TO DO:
Transcribe, starting at the line with "Feb. 15, 1982" and ending at the line with "Opis produktu wyciskarka", every line of the material below exactly, but leave out the pictures and anything outside that span.

RECORDS SHOWN:
● ● ●

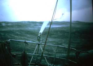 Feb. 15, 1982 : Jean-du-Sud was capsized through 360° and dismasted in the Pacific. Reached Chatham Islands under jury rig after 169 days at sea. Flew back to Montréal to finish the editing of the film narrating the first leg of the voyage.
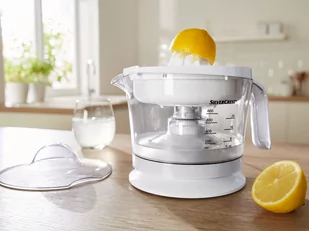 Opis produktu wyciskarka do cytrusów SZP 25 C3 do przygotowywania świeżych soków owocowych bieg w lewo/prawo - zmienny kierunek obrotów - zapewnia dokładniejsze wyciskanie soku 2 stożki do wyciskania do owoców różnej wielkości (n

● ● ●

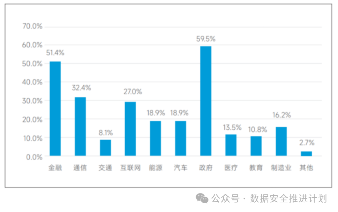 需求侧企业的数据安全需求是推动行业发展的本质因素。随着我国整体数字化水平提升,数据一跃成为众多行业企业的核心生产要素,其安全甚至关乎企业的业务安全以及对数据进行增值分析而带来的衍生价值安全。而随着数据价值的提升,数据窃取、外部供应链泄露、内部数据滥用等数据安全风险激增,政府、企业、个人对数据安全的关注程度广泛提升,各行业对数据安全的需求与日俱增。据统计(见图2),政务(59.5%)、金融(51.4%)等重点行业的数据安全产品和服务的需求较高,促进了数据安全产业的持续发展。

● ● ●

EXERCISE OUTPUT:
 Feb. 15, 1982 : Jean-du-Sud was capsized through 360° and dismasted in the Pacific. Reached Chatham Islands under jury rig after 169 days at sea. Flew back to Montréal to finish the editing of the film narrating the first leg of the voyage.
 Opis produktu wyciskarka do cytrusów SZP 25 C3 do przygotowywania świeżych soków owocowych bieg w lewo/prawo - zmienny kierunek obrotów - zapewnia dokładniejsze wyciskanie soku 2 stożki do wyciskania do owoców różnej wielkości (n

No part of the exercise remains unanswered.